In this case our first video is 1000 seconds in duration.

We set the duration by using <- or the assignment operator. It assigns values on the right to objects on the left.

So, after we execute view_count <- 1000, the value of view_count is set to 1000.

The arrow can be read as 3 goes into view_count. For historical reasons, you can also use = for assignments, but not in every context. Because of the slight differences in syntax, it is good practice to always use <- for assignments. More generally we prefer the <- syntax over = because it makes it clear what direction the assignment is operating (left assignment), and it increases the read-ability of the code.

In RStudio, typing Alt + - (push Alt at the same time as the - key) will write <- in a single keystroke in a PC, while typing Option + - (push Option at the same time as the - key) does the same in a Mac.

Objects can be given any name such as category_name, view_count, or video_id. You want your object names to be explicit and not too long. They cannot start with a number (2x is not valid, but x2 is). R is case sensitive (e.g., age is different from Age). There are some names that cannot be used because they are the names of fundamental objects in R (e.g., if, else, for, see here for a complete list). In general, even if it’s allowed, it’s best to not use them (e.g., c, T, mean, data, df, weights). If in doubt, check the help to see if the name is already in use. It’s also best to avoid dots (.) within an object name as in my.dataset. There are many objects in R with dots in their names for historical reasons, but because dots have a special meaning in R (for methods) and other programming languages, it’s best to avoid them. The recommended writing style is called snake_case, which implies using only lowercaseletters and numbers and separating each word with underscores (e.g., animals_weight, average_income). It is also recommended to use nouns for object names, and verbs for function names. It’s important to be consistent in the styling of your code (where you put spaces, how you name objects, etc.). Using a consistent coding style makes your code clearer to read for your future self and your collaborators. In R, three popular style guides are Google’s, Jean Fan’s and the tidyverse’s. The tidyverse’s is very comprehensive and may seem overwhelming at first. You can install the lintr package to automatically check for issues in the styling of your code.

Objects vs. variables

What are known as objects in R are known as variables in many other programming languages. Depending on the context, object and variable can have drastically different meanings. However, in this lesson, the two words are used synonymously. For more information see: https://cran.r-project.org/doc/manuals/r-release/R-lang.html#Objects

When assigning a value to an object, R does not print anything. You can force R to print the value by using parentheses or by typing the object name:

R

duration_sec <- 100    # doesn't print anything
(duration_sec <- 100)  # putting parenthesis around the call prints the value of `area_hectares`

OUTPUT

[1] 100

R

duration_sec        # and so does typing the name of the object

OUTPUT

[1] 100

Now that R has a value for duration_sec in memory, we can do arithmetic with it. For instance, we may want to convert the seconds into minutes (minutes are the time in seconds divided by 60):

R

duration_sec / 60

OUTPUT

[1] 1.666667

We can also change an object’s value by assigning it a new one:

R

duration_sec <- 600
duration_sec / 60

OUTPUT

[1] 10

This means that assigning a value to one object does not change the values of other objects.
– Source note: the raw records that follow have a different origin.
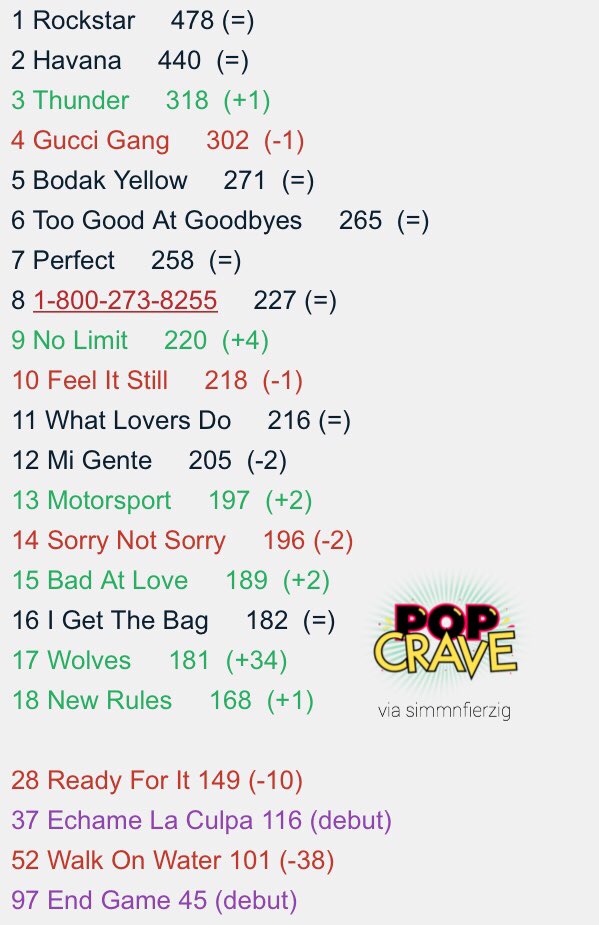 #Hot100;#rockstar holds at #1 for a 7th week,#Thunder reaches a new peak,#Wolves jumps into the Top 20 &#EchaméLaCulpa debuts at #37.pic.twitter.com/78tQw5JE1H
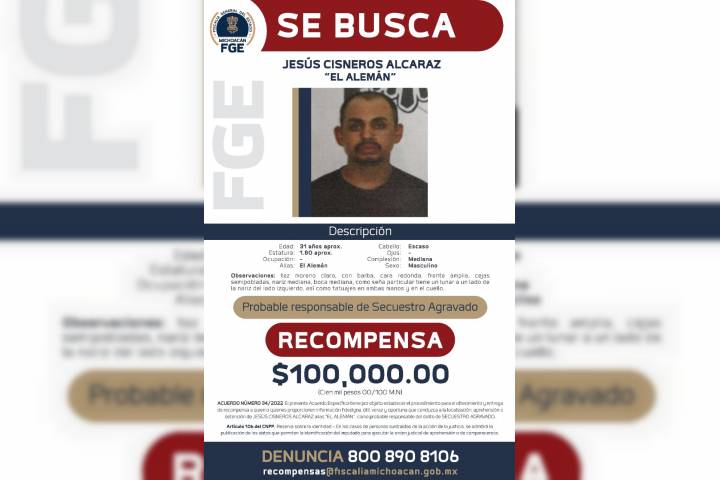NOTICIAS 12/10/2022Ofrece FGE recompensa para la detención de tres presuntos responsables del secuestro agravado de una mujerLa FiscalÃa General del Estado de Michoacán (FGE) expidió los acuerdos por los que se emite el Ofrecimiento y Entrega de Recompensa para quienes aporten información fidedigna, útil y oportuna que conduzca a la localización de Jesús Cisneros Alcaraz, "El Alemán", Eliseo Cervantes Lemus, "El Naco" y Jesús GarcÃa Laguna, "El Verde", por su posible relación en el delito de secuestro agravado, cometido contra una mujer, en el municipio de J... Ver más...
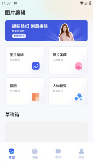 拥有“图片编辑”功能,可快速修图,调整色彩、对比度等基础参数;“照片美颜”实现人像美容,磨皮、瘦脸等功能让颜值更出众;“人物特效”带来新奇玩法,为人物添加独特效果。

For example, let’s store the duration in minutes in a new object, duration_min:

R

duration_min <- duration_sec/60

and then change duration_sec to 2400.

R

duration_sec <- 2400

Exercise

What do you think is the current content of the object duration_min? 40 or 10

Show me the solution

The value of duration_min is still 10 because you have not re-run the line duration_min <- duration_sec/60 since changing the value of duration_min.

Comments

All programming languages allow the programmer to include comments in their code. Including comments to your code has many advantages: it helps you explain your reasoning and it forces you to be tidy. A commented code is also a great tool not only to your collaborators, but to your future self. Comments are the key to a reproducible analysis.
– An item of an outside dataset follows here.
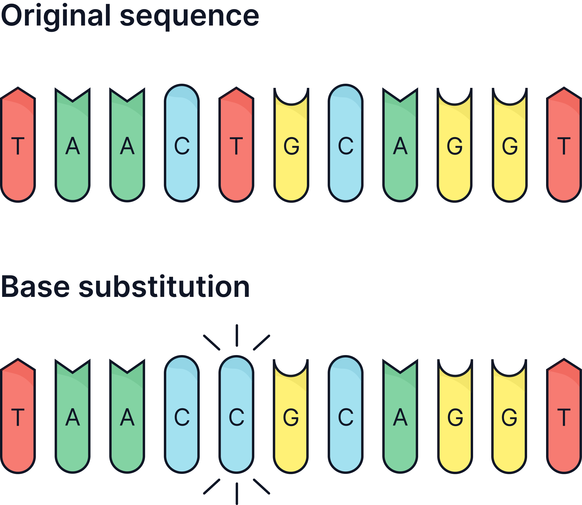 In this example, a T base in DNA has been substituted for a C base. This is a mutation as there has been a change in the DNA base sequence.

To do this in R we use the # character. Anything to the right of the # sign and up to the end of the line is treated as a comment and is ignored by R. You can start lines with comments or include them after any code on the line.

R

duration_sec <- 250      # duration in seconds
duration_min <- duration_sec /60  # convert to minutes
duration_min        # print duration in minutes

OUTPUT

[1] 4.166667

RStudio makes it easy to comment or uncomment a paragraph: after selecting the lines you want to comment, press at the same time on your keyboard Ctrl + Shift + C. If you only want to comment out one line, you can put the cursor at any location of that line (i.e. no need to select the whole line), then press Ctrl + Shift + C.

Exercise

Create two variables like_count and commment_count and assign them values.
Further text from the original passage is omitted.